No scientists from NCRA or other Indian institutes were involved in the study that made headlines last month because of its pathfinding nature.

The jet megastructure, nicknamed Porphyrion after a giant in Greek mythology, dates to a time when the universe was 6.3 billion years old. For comparison, the universe currently is 13.8 billion years old.

These outflows — with a total power output equivalent to trillions of Suns — shoot out from either side of a supermassive black hole at the heart of a remote galaxy.

"In the center of every major galaxy, there is a big black hole of about a million to a billion solar masses," says Martijn Oei, a postdoctoral scholar at the California Institute of Technology (Caltech) and the lead author of the study.

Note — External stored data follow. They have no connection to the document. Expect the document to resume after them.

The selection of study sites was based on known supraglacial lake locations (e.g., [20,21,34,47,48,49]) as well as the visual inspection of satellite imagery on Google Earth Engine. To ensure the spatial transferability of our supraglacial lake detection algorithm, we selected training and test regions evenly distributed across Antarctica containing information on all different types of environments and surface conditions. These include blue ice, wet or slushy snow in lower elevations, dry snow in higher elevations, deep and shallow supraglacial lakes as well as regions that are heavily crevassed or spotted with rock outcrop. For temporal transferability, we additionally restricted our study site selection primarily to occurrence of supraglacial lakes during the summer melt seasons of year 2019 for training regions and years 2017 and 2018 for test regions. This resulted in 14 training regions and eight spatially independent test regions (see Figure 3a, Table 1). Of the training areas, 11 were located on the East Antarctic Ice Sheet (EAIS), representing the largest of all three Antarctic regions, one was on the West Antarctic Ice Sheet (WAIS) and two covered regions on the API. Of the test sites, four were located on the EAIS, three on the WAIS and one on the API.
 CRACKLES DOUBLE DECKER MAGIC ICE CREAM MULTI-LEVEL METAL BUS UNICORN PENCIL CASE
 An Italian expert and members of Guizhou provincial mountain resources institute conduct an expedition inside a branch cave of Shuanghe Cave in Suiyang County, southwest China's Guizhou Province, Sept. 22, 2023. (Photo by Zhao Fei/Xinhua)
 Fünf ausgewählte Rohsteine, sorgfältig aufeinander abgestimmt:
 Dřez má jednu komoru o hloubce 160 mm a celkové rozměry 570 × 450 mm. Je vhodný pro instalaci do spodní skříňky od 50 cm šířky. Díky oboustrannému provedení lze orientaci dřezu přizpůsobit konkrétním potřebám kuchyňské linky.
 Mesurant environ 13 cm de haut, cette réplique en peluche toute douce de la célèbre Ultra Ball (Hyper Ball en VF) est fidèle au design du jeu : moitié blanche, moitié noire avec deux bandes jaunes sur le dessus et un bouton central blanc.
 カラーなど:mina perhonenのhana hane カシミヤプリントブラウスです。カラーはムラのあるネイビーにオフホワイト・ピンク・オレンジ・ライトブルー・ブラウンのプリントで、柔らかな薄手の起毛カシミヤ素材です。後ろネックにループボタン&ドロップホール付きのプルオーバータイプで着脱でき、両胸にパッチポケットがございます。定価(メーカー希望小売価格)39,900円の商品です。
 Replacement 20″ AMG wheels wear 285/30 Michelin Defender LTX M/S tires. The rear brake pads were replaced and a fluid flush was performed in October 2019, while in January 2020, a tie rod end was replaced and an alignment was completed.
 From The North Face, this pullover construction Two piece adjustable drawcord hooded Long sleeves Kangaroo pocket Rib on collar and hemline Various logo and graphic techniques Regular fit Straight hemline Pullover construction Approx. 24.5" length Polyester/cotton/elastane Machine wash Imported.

"It swallows stars, dust, and plasma, basically everything that comes close. But a small fraction of the material that comes close to the black hole is ejected outward in the form of such jets."

The gigantic jet system is one of thousands of faint megastructures found using Europe's LOFAR (LOw Frequency ARray) radio telescope. But the specifics were not known and that’s where the GMRT chipped in.

Oei's team, comprising scientists from the USA and Europe, used GMRT observations to identify the host galaxy that spawns the jets. Once the host was identified, the researchers used the Keck I optical telescope in Hawaii to obtain the distance.

The team used 10 hours of GMRT observation – carried out remotely - to crack the puzzle. “Nearly 60 per cent of GMRT users are from abroad nowadays and they mostly use remote observations. The sensitivity of the telescope was enhanced following upgradation,” Wadadekar said.

Conceived by veteran astrophysicist Govid Swarup and built over 12 years, the GMRT is an array of 30 antennas (each of 45 m diameter) spanning over 25 km and provides a total collecting area of about 30,000 sq m at metre wavelengths.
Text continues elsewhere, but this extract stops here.